The molecular mechanisms underlying C9ORF72 repeat instability involve DNA damage, since C9OR72 repeats have shown to interfere with DNA replication via abnormal nuclei acid structures (e.g., the formation of G-quadruplex structures, hairpins, and R-loops) [49, 52, 53]. C9ORF72 repeats can form abnormal nuclei acid structures with as few as four repeats and repeat instability increases with longer C9ORF72 repeats [49]. This may explain why the founder risk haplotype (with intermediate repeats) and the founder non-risk haplotype (with a lower range of repeats) both predispose to de novo pathological repeats, but differ in the proportion of pathological C9ORF72 repeat lengths (~21.7% and ~2.2%, respectively) [31]. Further longitudinal research in multiple generations of carriers of the identified haplotype is required to confirm the higher conversion rate to longer C9ORF72 repeat lengths in carriers of the founder risk haplotype compared to carriers of the founder non-risk haplotype.
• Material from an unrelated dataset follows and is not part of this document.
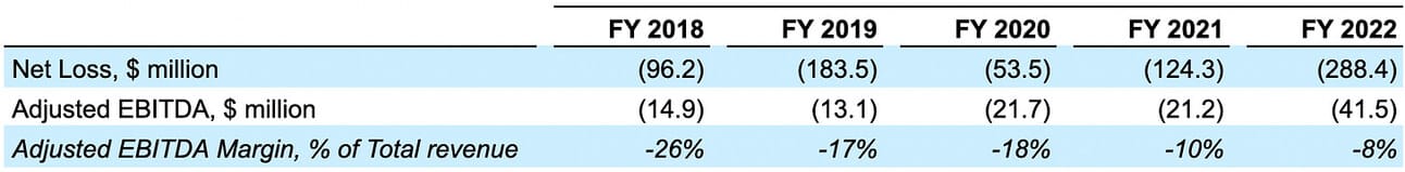 The company has been reporting an operating loss for the past 5 fiscal years, as operating expenses exceeded the gross profit. In Fiscal 2022 the company reported $589.5 million in operating expenses, which resulted in a $318.3 million operating loss. Note that the operating margin declined from negative 38% in Fiscal 2018 to negative 58% in Fiscal 2022 driven by compressing gross profit margins, rising share-based compensation, and accumulating amortization expenses from the acquisitions.

This type of study is also required to examine whether the risk haplotype serves as a pre-mutation or as predisposing allele for further stepwise mutation. Moreover, future studies should further investigate the possibility that the C9ORF72 region contains additional genetic and epigenetic variants conferring risk to FTD.

While the identified SNPs tagging the founder risk haplotype cannot replace the C9ORF72 repeat length assessments itself, a potential implementation of our findings is the use of the risk SNPs as pre-screener for the presence of a pathological C9ORF72 repeat length in large population samples with array genotype data available. We were able to identify four previously undiscovered repeat expansion carriers that had another diagnosis than FTD or ALS. This underlines the diverse clinical presentation of subjects carrying the pathological C9ORF72 repeat expansion.

Several limitations should be taken into account. While this study provides relevant insights into the genetic architecture of FTD in populations of European ancestry, further studies are required to examine the genetic architecture of FTD in other populations – particularly because C9ORF72 repeat lengths differ across ethnic populations [54]. Finally, we could not map all phased C9ORF72 haplotypes to C9ORF72 repeat lengths. Ideally, we would have used long read sequencing data to confirm the phases of these haplotypes. Nonetheless, because findings for the unmapped haplotypes are in line with the rest of our results (Table S9) we do not think that this has influenced the results.

To conclude, we identified two risk SNPs for FTD that tag a 12-repeat sub-haplotype of the 8-repeat founder haplotype, which predisposes to C9ORF72 pathological repeat lengths. We hypothesize that the longer repeat length makes the C9ORF72 repeat more unstable and thus more susceptible to pathological expansion. To further understand the dynamic relationship between risk founder haplotypes (with increased repeat instability) and expansions of the C9ORF72 repeat, it is essential that our efforts will be extended using functional follow-up studies and studies over generations.